According to records from sex worker organizations and monitoring from InSight Crime, at least seven women were murdered between 2018 and 2019. In 2020 and 2021, there were eight more murders recorded. In 2022, 35 women were killed, according to monitoring by Miluska Vida y Dignidad. Another 36 went missing, many believed to be dead.
“We can’t find their bodies, but no one listens to us,” commented Ángela.
In 2023, there were 36 women murdered and 39 disappeared, and in 2024, at least 39 were killed.
It wasn’t until February 2023 that the violence attracted national attention. That month, two sex workers, one Venezuelan and one Ecuadorian, were murdered in downtown Lima. The Ministry of Women and the PNP began investigating some of the cases.
“But it was too late because [the city] was infested with mafias,” said Ángela.
Authorities’ operations against the Tren de Aragua and its factions had no effect on the lives of sex workers, and violence against them escalated.
Amid the wave of violence, two brutal murders committed by the Tren de Aragua in February 2023 became a rallying cry for sex workers. Rubí Ferrer and Priscilla Aguado, two trans women working in sex work in downtown Lima, a reality shared by 62% of trans women in Peru, were killed by the group to send a message.
The incident began with a confrontation between the quota collector in the area and a sex worker who refused to pay the extortion. To enforce the quota payment, Tren de Aragua members kidnapped Rubí. While filming on their phones, they shot her 31 times. Priscilla was murdered hours later on the outskirts of the city.
“They record [the attacks] to make sure all the girls fall in line. So all the girls see that they have to respect Tren de Aragua people,” said Liliana.
The murders, along with the subsequent dissemination of the video of Rubí’s execution, not only generated fear but also anger and indignation among other sex workers in Lima, who were already tired of the violence. Sex worker organizations have mobilized, organizing marches and protests demanding justice.
“A lot of people mobilized,” said Ángela. “They are killing us because we are prostitutes.”

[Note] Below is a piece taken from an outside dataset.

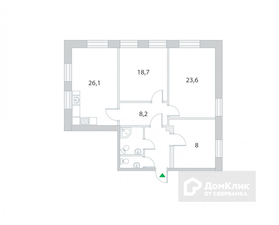 Площадь кухни 26.1 м2

However, little has changed. Despite authorities capturing one of the individuals involved in Rubí’s murder and a person known as Andrea, the quota collector in the area who allegedly ordered the killings, trans sex workers in Peru continue to be targeted by criminal groups. On February 15, 2024, two days after a march calling for justice for Rubí and Priscilla, Jazmín, a trans sex worker, was murdered in northern Lima for refusing to pay the quota.
“When You’re Dead, That’s When It Makes the News”
Most sex workers do not report extortion. For almost all, speaking out is pointless and exposes them to retaliation. Years of abuse and discrimination by the PNP and Municipal Serenazgo have generated deep distrust in authorities. The situation becomes even more complex for Venezuelan women who often hold irregular immigration status.
“[Before, police] would rape, abuse, threaten us, and now the Venezuelans come, take our money, and we thought the police would help us… [But] no, they don’t help us,” said Carmen, a young sex worker.
In fact, on the rare occasions when women decide to report, they are often re-victimized by police officers handling their cases.
“When you’re dead, that’s when it finally makes the news, when they say ‘a sex worker was killed,’ when it could have been that same colleague who came forward to report and was denied the report,” summarized Lucía.
Support and safety have only been found among themselves. To protect against the violence of the Tren de Aragua, clients, and police members, Lima’s sex workers have strengthened their support networks, embodied in community organizations advocating for their rights. WhatsApp groups, emergency hotlines, and safe houses are funded by resources collected among themselves and what they acquire from international cooperation. But these are mere short-term solutions against a systemic problem and a violent criminal group that authorities have been unable to combat.
*The names of the individuals have been changed to protect their identities.